Thinking about the shape of NumPy arrays in the form of rows and columns will quickly let you down if you start working with more complicated data.
NumPy arrays are in fact multi-dimensional tensors. A tensor can have any number of dimensions. Vectors and matrices are in fact nothing but 1-D and 2-D tensors, respectively.
The shape of an array returns the size of each dimension of the tensor. Let's begin with a simple vector:
x = np.array([1, 2, 3])
Calling .shape
on this variable will return (3,)
since the array is a 1-D tensor with 3 elements in its first dimension. The comma is just a Python convention for indicating that the parenthesis represent a Python Tuple.
Now let's try a matrix:
m = np.array([
[1, 2, 3],
[4, 5, 6]
])
Running m.shape
now results in (2, 3)
since the first dimension of the tensor contains 2 vectors, and the second dimension (the vectors themselves) each contain 3 elements.

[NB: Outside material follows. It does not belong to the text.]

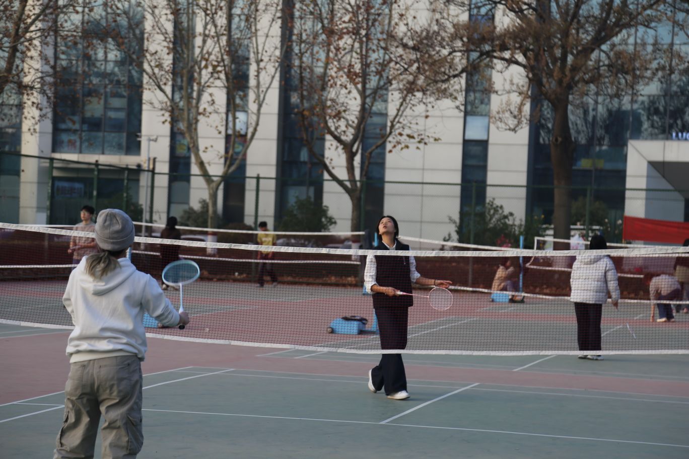 小操場這邊也絲毫不冷清,羽毛球網前正打得火熱。你來我往的對打里,滿是酣暢的快樂;紅藍色的乒乓球臺靜靜立著,午后的陽光落在臺面上,仿佛在等著有人拿起球拍,來一場速戰速決的比拼。

Finally, let's try a 3-D tensor:
t = np.array([
[
[1, 2, 3],
[4, 5, 6]
],
[
[7, 8, 9],
[0, 1, 2]
]
])
t.shape
will return (2, 2, 3)
which means that the first dimension of the array contains two elements (two matrices in this case), the second dimension (the matrices themsevles) contain two vectors each, and the third dimension (the vectors) each contain three elements.